The Haredim Are Right!: Topless DJ’s Shouldn’t Be Used To Sell Deodorant
Ha’aretz reports:
A recent marketing campaign for Unilever’s Axe deodorant for men raised the hackles of the ultra-Orthodox community when the corporation sponsored a poolside party for teens, DJed by a topless Hungarian disc jockey flown in for the event, and attended by other partially-clad young women.
Unsurprisingly, despite Unilever’s written apology to the Haredi community, its leaders remain unsatisfied. Rabbi Gabriel Papenheim, who chairs the Kashrut Committee for Badatz, told TheMarker that the matter was initially to have ended with their apology, but Badatz is now demanding that an apology also be published in the secular press. “The insult was to the secular community no less than to us,” he said.

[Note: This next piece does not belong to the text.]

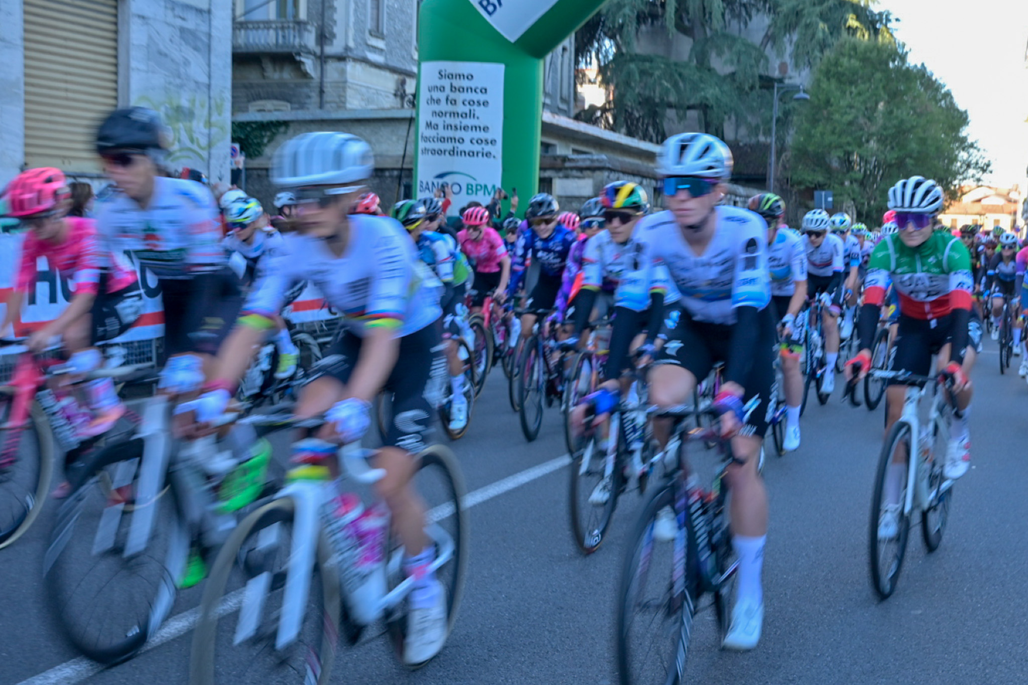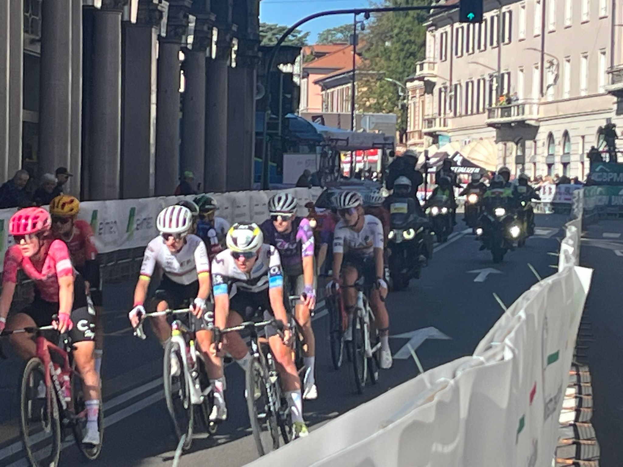La corsa delle donne è iniziata intorno alle 9.00 dal Museo del Tessile di Busto Arsizio (proprio da dove stanno partendo ora gli uomini): dopo un mini-circuito in città, via con il tratto in linea fino a Varese dove è iniziato il circuito di 15.9km da ripetere sei volte. Una fuga ha animato le prime battute, ma l’attacco di cinque atlete è stato assorbito dal gruppo; nel circuito varesotto una decina di cicliste (Noemi Ruegg, Niamh Fischer-Black, Kim Pienaar, Cecilie Ludwig Uttrup, Ashleigh Moolman, Elise Chabbey, Monica Trinca Colonel, Cat Ferguson, Eleonora Gasparrini e Katrine Aalerud) sono riuscite a mettere le ruote davanti a tutte ma, all’inizio del terzultimo giro, Elisa Longo Borghini ha allungato sul Montello con la campionessa europea Demi Vollering sulla sua ruota ricucendo in fretta il gap con le attaccanti.

I’d like to note the hilarious home-page teaser that Ha’aretz ran for this article: “Deodorant maker apologizes for topless DJ, Haredim still angry”

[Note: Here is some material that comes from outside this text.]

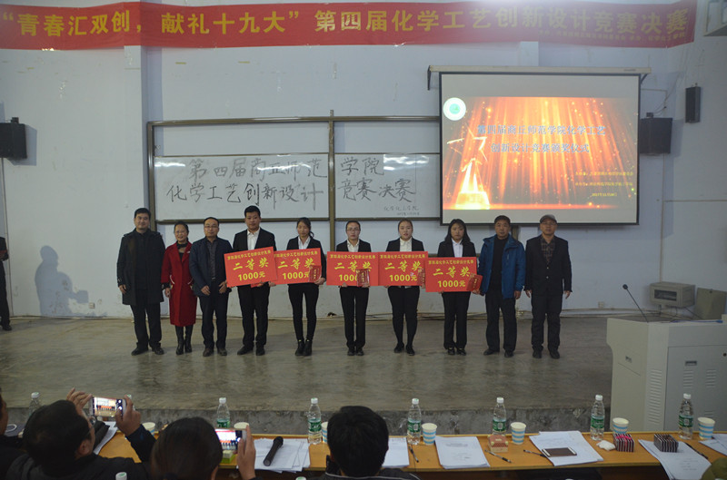 经过初赛、复赛的激烈角逐,共有八支团队进入决赛,各团队负责人进行了汇报和答辩。每支团队的讲演都十分精彩,不仅有PPT的演示,还有视频的展示,使到场领导老师赞不绝口。比赛中还有抽奖环节、改编的《青花瓷》歌曲演唱表演和化学知识抢答比赛,带动并活跃了整个会场的气氛。最终,评出了一二三等奖,其中皂动生活——打“皂”自然之美、“会呼吸”的涂层和新型氮杂化卡宾钯化合物的设计与催化性能的研究获得了一等奖,每个团队获得2000元的奖金。领导老师分别为获奖选手颁发了荣誉证书和奖金。比赛后beat365官网孟团结副院长从专业的角度对比赛作了点评,他对beat365官网学生提出要求与建议,他指出beat365官网学生务必要把化学基础知识掌握牢固,学会应用所学的化学知识在相关行业、领域做出一定的成绩。最后,创新创业学院院长周鲲鹏对比赛进行了总结点评,他对活动环节的严密性、活动的扣题性、参与团队的分工合作精神和化学工艺研究方向等几个方面给予了很大的肯定和赞扬,并提出了宝贵的建议。

UPDATE: Commenter Joel Katz of the Religion and State in Israel blog helpfully informs me that my original headline (“The Haredim Are Right!: Topless DJ’s Shouldn’t Be Used To Sell Deodorant to Teens”), which was based on the Ha’aretz article I cited, was misleading. He explains that the party was geared toward adults, and it appears from a video of the event (warning: there’s nudity) that he may be right.
Still, I stand by my larger point. Not to be too much of a prude, but I do think there’s something vulgar and a little exploitative about a big corporation putting on a party like this to push deodorant. (I’d be more tolerant if a similar event were put on in the name of bohemianism rather than crass commercialism.) I also think that Tikkun Olam blogger Richard Silverstein goes (characteristically) overboard in accusing the Haredim of behaving like the “Taliban” in this particular instance. (I actually thought that the rabbi’s insistence that the company should direct its apology not to the Haredim but to the secular community was kind of classy.) Silverstein would have been wiser to reserve the T-word for a different recent incident instead. Then again, it is also true that given the leaders of Israel’s Haredi community’s general proclivity for religious coercion, they’re not likely to be taken seriously even when they’re making a reasonable point.